Petar Veličković is a Staff Research Scientist at DeepMind, Affiliated Lecturer at the University of Cambridge, and an Associate of Clare Hall, Cambridge. He holds a PhD in Computer Science from the University of Cambridge (Trinity College), obtained under the supervision of Pietro Liò. Petar's research concerns geometric deep learning—devising neural network architectures that respect the invariances and symmetries in data (a topic he's co-written a proto-book about). For his contributions to the area, Petar is recognised as an ELLIS Scholar in the Geometric Deep Learning Program. Within this area, Petar focusses on graph representation learning and its applications in algorithmic reasoning and computational biology. In particular, he is the first author of Graph Attention Networks—a popular convolutional layer for graphs—and Deep Graph Infomax—a popular self-supervised learning pipeline for graphs (featured in ZDNet). Petar's research has been used in substantially improving the travel-time predictions in Google Maps (featured in the CNBC, Endgadget, VentureBeat, CNET, the Verge and ZDNet), and guiding the intuition of mathematicians towards new top-tier theorems and conjectures (featured in Nature, New Scientist, The Independent, Sky News, The Sunday Times and The Conversation).

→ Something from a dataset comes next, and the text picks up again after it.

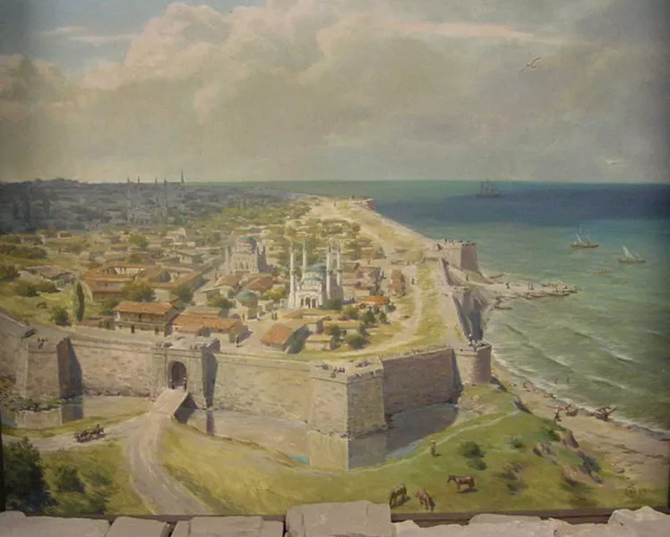 «Русские ворота» возвели в 1782-1783 годах. Крепость имела мощные стены, бастионы и ворота, снаружи была окружена глубоким рвом и валом. Внутри крепости располагались постоялый двор, магазины, базар, казармы, мечети, бани, библиотека, многочисленные лавки и кофейни, более 30 колодцев. Неоднократно за крепость велись сражения. В 1829 году она окончательно отошла Российской империи. Однако строения крепости в военных действиях были практически разрушены. Перед воротами в 1854 году на каменных постаментах установлены пушки.
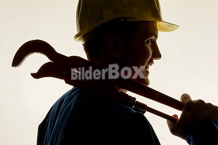 Beschreibung Arbeiter in einem Gewerbebetrieb mit Helm vor weißem Hintergrund

##### Jessica Hamrick (DeepMind)

Jessica Hamrick is a Senior Research Scientist at DeepMind, where she studies how to build machines that can flexibly build and deploy models of the world as well as humans. Her work combines insights from cognitive science with structured relational architectures, model-based deep reinforcement learning, and planning. Jessica received her Ph.D. in Psychology from UC Berkeley, and her M.Eng. in Computer Science and Engineering from MIT.